Nit: please use a constant / helper function instead of the magic 1 here.

mlir/lib/Dialect/GPU/IR/GPUDialect.cpp
1218

Nit: can this variable be called workgroupAddressSpace to be consistent with the terminology?

Add extra description and address comments on naming

ThomasRaoux marked 3 inline comments as done.Feb 9 2022, 10:39 AM

The side-effecting behavior makes it difficult to reason about the IR. It would be helpful to document it more instead of cross-referencing ops. State something like "this creates a pending memory access" in the device_async_copy description, and "this will associate pending memory accesses created by preceding device_async_copy operations" in the device_async_create_group. A complete example in the documentation of one of the ops would also help.

I agree the side effect part is not ideal, however this is the only solution I found to avoid having an abstraction gap during lowering to llvm. I'm open to suggestions if there is a better way to do it. I added a complete example in gpu.device_async_copy description.

Two concrete questions:

  • How does this work in presence of control flow (i.e., copies in different blocks that branch to a single block with create_group, and copies in a block that branches to two blocks each with own create_group?

It works as if there were an implicit queue of pending copies and an implicit queue of group submitted. So the create_group op would make a group with copies pending from whatever path was taken.

  • Why require byte size in the copy instead of a subview/subset of memref indices to copy? Specifically, this requires the caller to compute the byte size of the type rather than having the compiler compute it based on the element type. And this lets one read data that is not normally indexed by the memref, e.g., an 8-byte read from a non-contiguous f32 memref with innermost stride 2 will access the memory that cannot be read by a memref.load (4 bytes after the first element), which sounds very annoying from aliasing perspective.

That's something I went back and forth on but overall I want a semantic which is equivalent to a load+store rather than a memcpy kind of semantic. I would like to be able to converted from a vector.load+vector.store so using this representation feels more natural. I do think it should have the same restriction as a memref.load and should be treated similarly.

ftynse added a comment.Feb 9 2022, 2:47 PM

I agree the side effect part is not ideal, however this is the only solution I found to avoid having an abstraction gap during lowering to llvm. I'm open to suggestions if there is a better way to do it. I added a complete example in gpu.device_async_copy description.
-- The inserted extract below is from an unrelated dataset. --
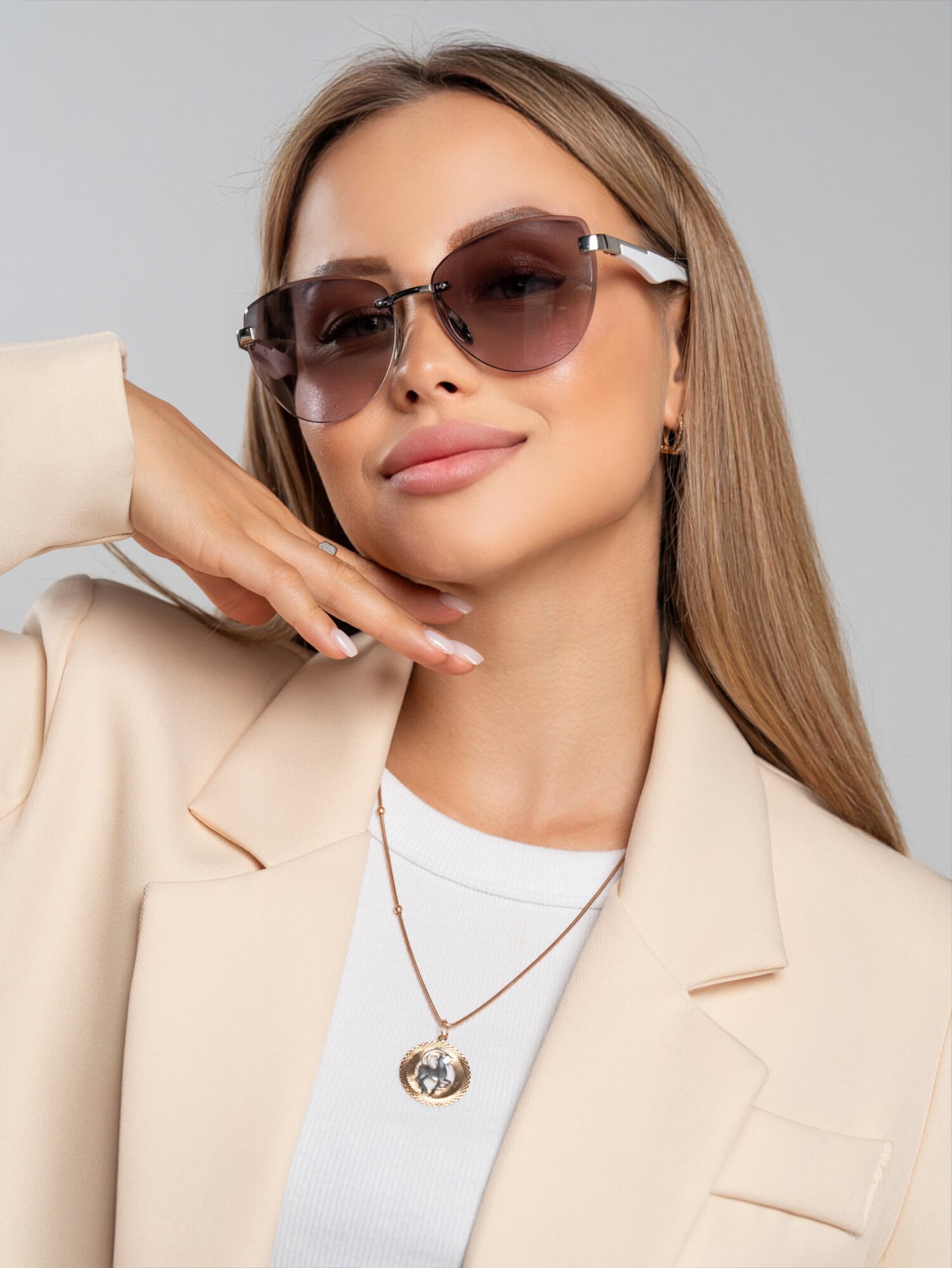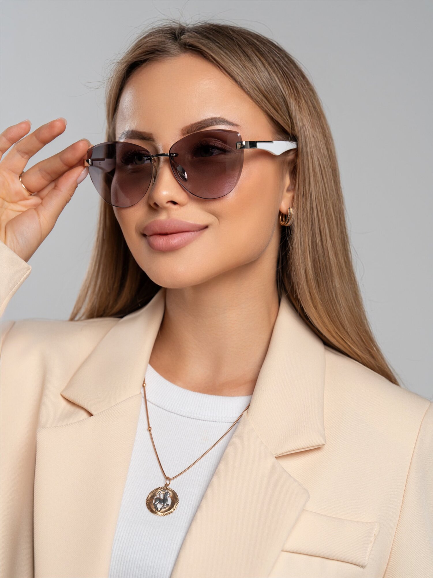 Очки солнцезащитные женские, светло-розовый, кофе с молоком

Thanks! IMO, there are bigger abstraction gaps that are covered by lowerings, but I don't have a strong opinion here.

That's something I went back and forth on but overall I want a semantic which is equivalent to a load+store rather than a memcpy kind of semantic. I would like to be able to converted from a vector.load+vector.store so using this representation feels more natural. I do think it should have the same restriction as a memref.load and should be treated similarly.

I don't follow here. Neither memref.load/store nor vector.load/store require explicit byte size. The former accesses only one element. The latter has a requirement on the innermost dimension having stride 1, so reads are always contiguous, but their "size" is provided as the number of elements to read (in the vector type of the result). Having byte size is especially problematic because it duplicates (and therefore will end up contradicting) the data layout information. I would rather take the number of elements or reused the vector type somehow. Plus a verifier for a memref stride being either dynamic or static 1.

The side-effecting behavior makes it difficult to reason about the IR. It would be helpful to document it more instead of cross-referencing ops. State something like "this creates a pending memory access" in the device_async_copy description, and "this will associate pending memory accesses created by preceding device_async_copy operations" in the device_async_create_group. A complete example in the documentation of one of the ops would also help.

I agree the side effect part is not ideal, however this is the only solution I found to avoid having an abstraction gap during lowering to llvm. I'm open to suggestions if there is a better way to do it. I added a complete example in gpu.device_async_copy description.

Thanks for the examples. One option of this is to have only the "higher level" abstractions in the GPU dialect, and have the ops that reflect the intrinsic in NVVM directly stay in NVVM dialect. You can have a staged lowering of operations when lowering to NVVM, and lower from the higher level of abstraction in GPU dialect to the lower level of abstraction in NVVM dialect. Basically, these are exactly mirroring the ops in NVVM dialect, and are redundant for the most part. I cant really see why lowering to these are better than using the ops from NVVM dialect directly. Also, these ops are very NVVM specific. I dont know how these ops can be supported when lowering to SPIR-V (its always a useful check point to say what about SPIR-V when adding things to GPU dialect).
The above comments seems to suggest I have a strong opinion, but I am mostly on the fence on this (albeit slightly negative) and lot of this is originating from how these ops are exposed in NVVM/PTX. My over-arching concern is that if we have transformations that target these directly, we cant back track (and I can almost guarantee these ops specifications will change in different versions of CUDA, so we might be hard-coding behavior that is transient, and ill-formed). If we today have code that generate NVVM dialect ops directly and those have to change as the NVVM intrinsics evolve, that makes more sense to me (its a one-off we need performance effort and wont be long term stable). When targeting GPU dialect, I'd expect something more stable.

Two concrete questions:

  • How does this work in presence of control flow (i.e., copies in different blocks that branch to a single block with create_group, and copies in a block that branches to two blocks each with own create_group?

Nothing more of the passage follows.